Reserve air in the lungs. Lung studies

Tidal volume (TV) is the volume of air inhaled and exhaled during normal breathing, equal to an average of 500 ml (with fluctuations from 300 to 900 ml).

Of this, about 150 ml is the volume of air in the functional dead space (FSD) in the larynx, trachea, and bronchi, which does not take part in gas exchange. The functional role of HFMP is that it mixes with the inhaled air, moisturizing and warming it.

Expiratory reserve volume

The expiratory reserve volume is the volume of air equal to 1500-2000 ml that a person can exhale if, after a normal exhalation, he exhales maximally.

Inspiratory reserve volume

The inspiratory reserve volume is the volume of air that a person can inhale if, after a normal inhalation, he takes a maximum breath. Equal to 1500 - 2000 ml.

Vital capacity of the lungs

Vital capacity of the lungs (VC) is the maximum amount of air exhaled after the deepest inhalation. Vital vital capacity is one of the main indicators of the condition of the external respiration apparatus, widely used in medicine. Together with the residual volume, i.e. the volume of air remaining in the lungs after the deepest exhalation, vital capacity forms the total lung capacity (TLC).

Normally, vital capacity is about 3/4 of the total lung capacity and characterizes the maximum volume within which a person can change the depth of his breathing. During quiet breathing, a healthy adult uses a small part of vital capacity: inhales and exhales 300-500 ml of air (the so-called tidal volume). In this case, the inspiratory reserve volume, i.e. the amount of air that a person is able to additionally inhale after a quiet inhalation, and the reserve volume of exhalation, equal to the volume of additionally exhaled air after a quiet exhalation, averages approximately 1500 ml each. During physical activity, tidal volume increases due to the use of inhalation and exhalation reserves.
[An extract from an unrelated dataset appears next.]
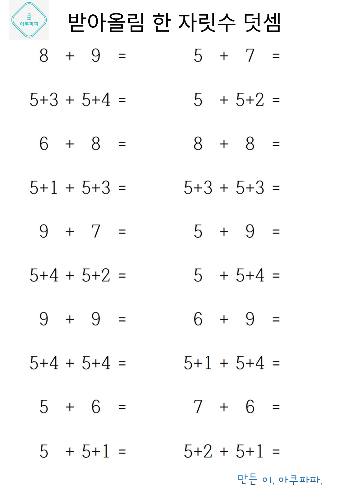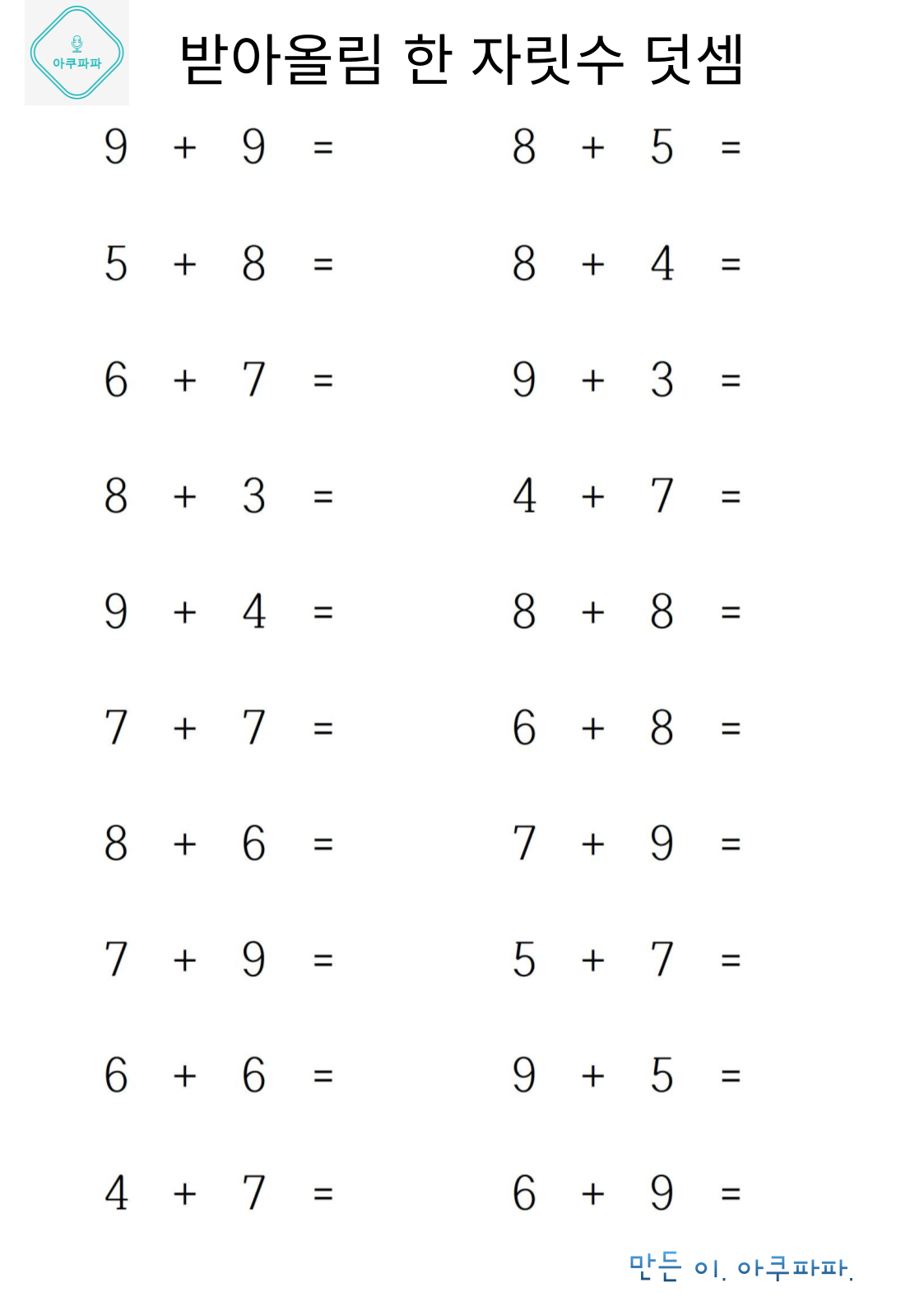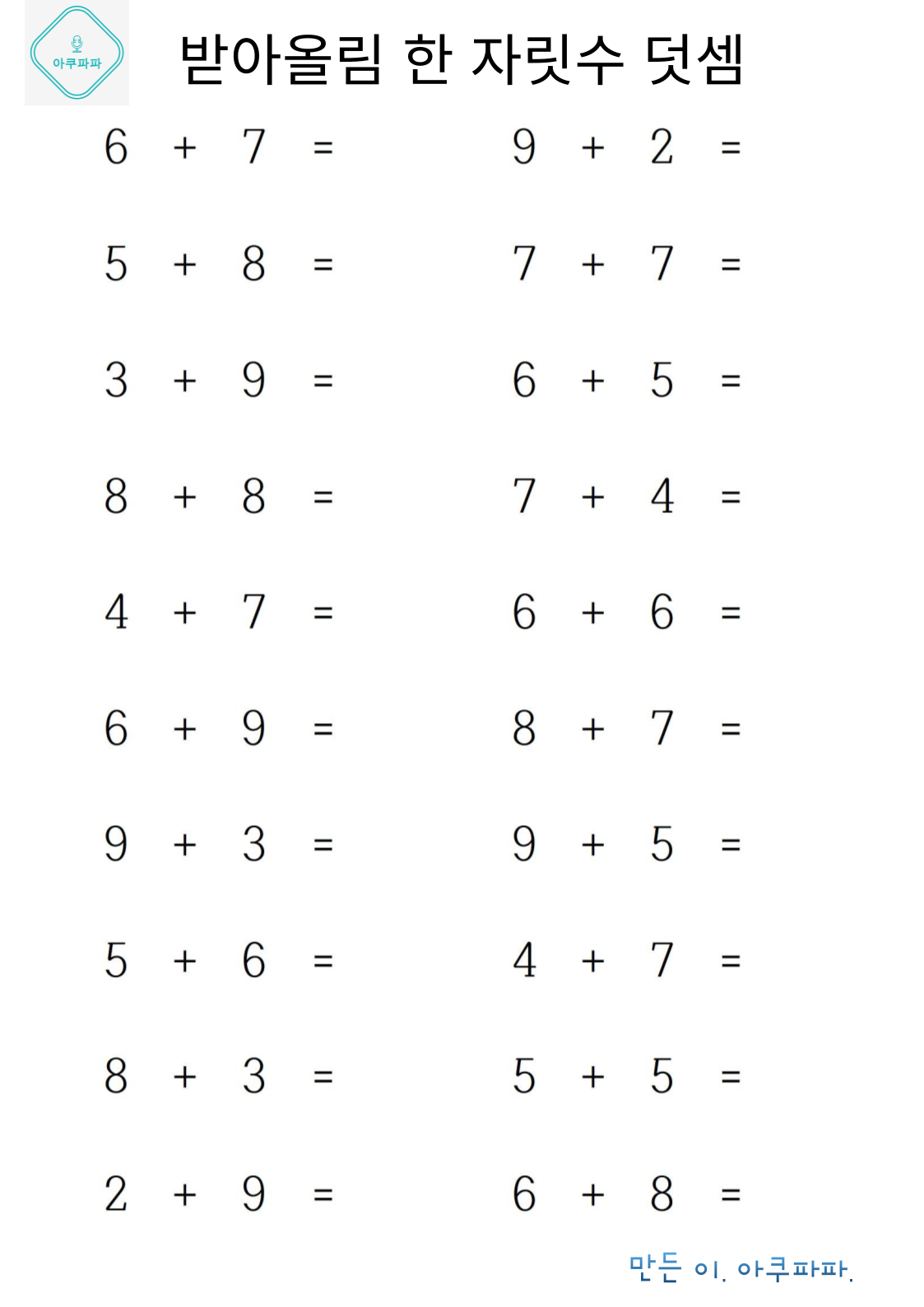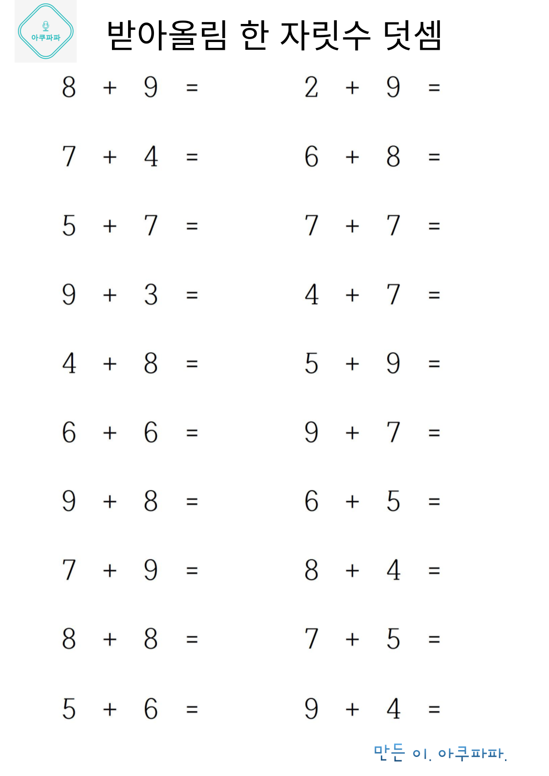 다음의 연습 문제들을 풀어보며 한 자릿수 받아올림을 마무리해 보세요.

Vital capacity is an indicator of the mobility of the lungs and chest. Despite the name, it does not reflect breathing parameters in real (“life”) conditions, since even with the highest demands placed on the respiratory system by the body, the depth of breathing never reaches the maximum possible value.

From a practical point of view, it is inappropriate to establish a “single” standard for the vital capacity of the lungs, since this value depends on a number of factors, in particular on age, gender, body size and position, and the degree of fitness.

With age, the vital capacity of the lungs decreases (especially after 40 years). This is due to a decrease in the elasticity of the lungs and the mobility of the chest. Women have on average 25% less than men.

The relationship with height can be calculated using the following equation:

VC=2.5*height (m)

Vital capacity depends on the position of the body: in a vertical position it is slightly greater than in a horizontal position.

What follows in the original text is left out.